On Wed, 19 Jan 2011 00:00:59 +0100 Robert Kawulak <robert.kawulak@gmail.com> wrote:
From: Artyom Ok let's thing what do you need iterators for? Accessing "characters" if so you are most likely doing something terribly wrong as you ignore the fact that codepoint != character.
I would say such iterator is wrong by design unless you develop a Unicode algorithm that relates to code point.
Now wouldn't it be nice if ascii_t (or whatever it's called) and utf*_t string classes had 3 kinds of iterators: - storage iterator (char, wchar_t etc.), - codepoint iterator, - character iterator.

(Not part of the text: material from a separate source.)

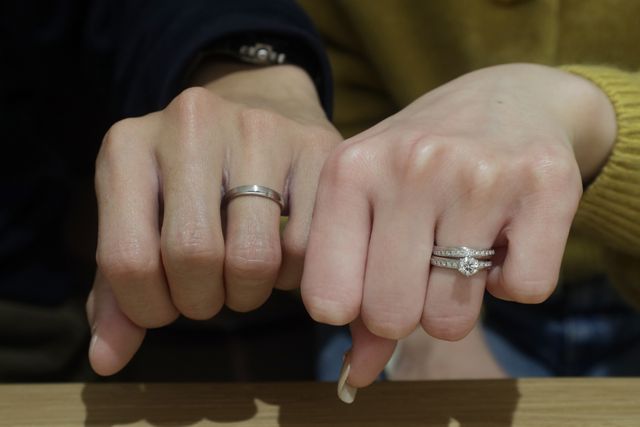 男性用の指輪が若干太いなと私達は感じたのでレディースのダイヤを抜いた指輪でマット加工を施しました。細かくデザインを決めれる点もよかったなと思っています。

The current iterators fall under the storage iterator category, but code-point iterators are easily possible. Character iterators may require help from a full-fledged Unicode library (I don't yet know whether there's a simple way to determine what code-points are combining ones, I doubt there is), but they should be doable too.
You could then reuse many existing algorithms to perform operations on a level that is sufficient in a given situation [...] I don't know Unicode quirks enough to tell how useful this interface would be, but it seems interesting.
And intriguing. When I get back to the Unicode string classes, I'll look into adding such iterators. -- Chad Nelson Oak Circle Software, Inc. * * *